Por Mario Meneghini.-

En un reciente artículo (1), se describe la violencia criminal que azota a Rosario, donde se está cometiendo un asesinato cada 19 horas, producidos por el narcotráfico. El autor acota que la guerra a las drogas no está danto resultado, y cita al nuevo presidente de Colombia, Gustavo Petro, que se ha propuesto desechar el prohibicionismo, y no encarar el flagelo de las drogas como una guerra, sino como una enfermedad. Menciona la opinión del académico argentino, Juan Tokatlian que postula «una legalización plena de las drogas, de todas, así como de su cadena de producción».

Procuraremos hacer un análisis objetivo y documentado sobre la despenalización del consumo de drogas, que, para quienes la postulan en la Argentina, se basa en el Art. l9 de la Constitución Nacional: “Las acciones privadas de los hombres que de ningún modo ofendan al orden y a la moral pública, ni perjudiquen a un tercero, están sólo reservadas a Dios, y exentas de la autoridad de los magistrados”.

La propia Corte Suprema de la Nación, en los casos Bazterrica y Capalbo, resueltos en 1986, convalidó este criterio, con el argumento de que “el Estado no debe imponer ideales de vida a los individuos, sino ofrecerles libertad para que ellos los elijan…”.

Pero, la misma Corte, en el caso Montalvo (11-12-1990), modificó la jurisprudencia confirmando la incriminación legal de la mera tenencia de drogas para consumo personal. Se consideró que entre las acciones que ofenden el orden y la moral pública se encuentra la tenencia de estupefacientes, porque tratándose de una figura de peligro abstracto, está incluida la trascendencia a terceros, porque “el efecto contagioso de la drogadicción y la tendencia a contagiar de los drogadictos son un hecho público y notorio o sea un elemento de la verdad jurídica objetiva que los jueces no pueden ignorar”.

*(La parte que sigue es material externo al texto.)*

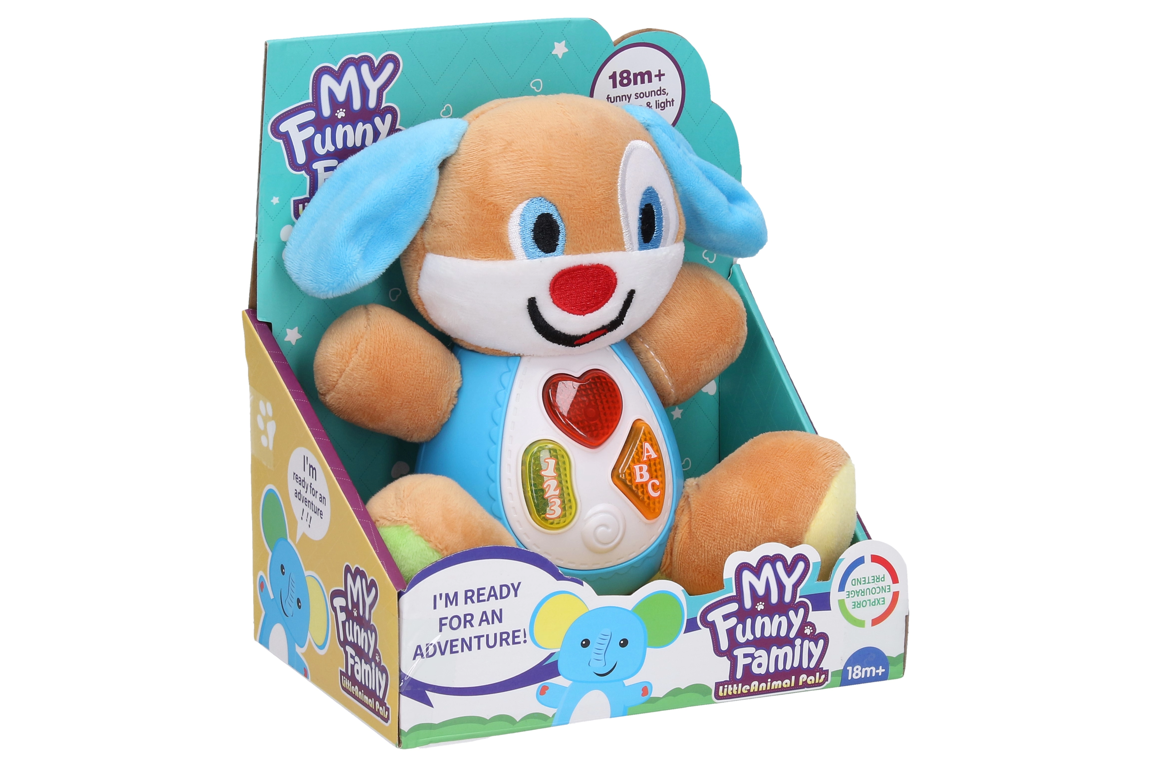 Il cagnolino interattivo alto circa 22 cm farà felici tutti i bambini. Il morbido corpo in peluche è piacevole al tatto, mentre il pancino in plastica con pulsanti offre divertimento e stimoli per lo sviluppo dell’udito, della vista e della motricità fine. Il controllo semplice e il chiaro interruttore ON/OFF laterale rendono il giocattolo pratico per genitori e bambini.

Por ello, esta acción tiene los efectos aludidos en el Art. l9, “de estar sujeto a la autoridad de los magistrados y, por lo tanto, se subordina a las formas de control social que el Estado, como agente insustituible del bien común, pueda emplear lícita y discrecionalmente” (Fallos CSJ, 3l3-l333).

Lamentablemente, el 25-8-09, en el fallo Arriola, la Corte retomó la argumentación de 1986, despenalizando el consumo de marihuana; esto ha sentado un precedente que ha sido utilizado por quienes promueven el consumo. El propio director de la revista THC (abreviatura de tetrahidrocannabinol) dedicada a la difusión pública de la marihuana –se vende libremente en los quioscos- fue denunciado por tener en la terraza de su edificio, más de 20 plantas de cannabis sativa. Circunstancia que aprovechó el señor Sebastián Basalo para realizar una demanda de inconstitucionalidad de la penalización de la siembra de semillas, basado, por extensión, en los fundamentos del fallo Arriola. El Juez Federal, Sergio Torres, declaró la inconstitucionalidad del anteúltimo párrafo del Art. 5º de la ley 23.737, por entender que el cultivo de cannabis sativa para uso o consumo personal no lesiona el bien jurídico “salud pública”, ni perjudica a terceros y por lo tanto su penalización contraviene los derechos y garantías establecidos en la Carta Magna de la Nación (THC, Nº 62, junio 2013, pp. 32 y 33).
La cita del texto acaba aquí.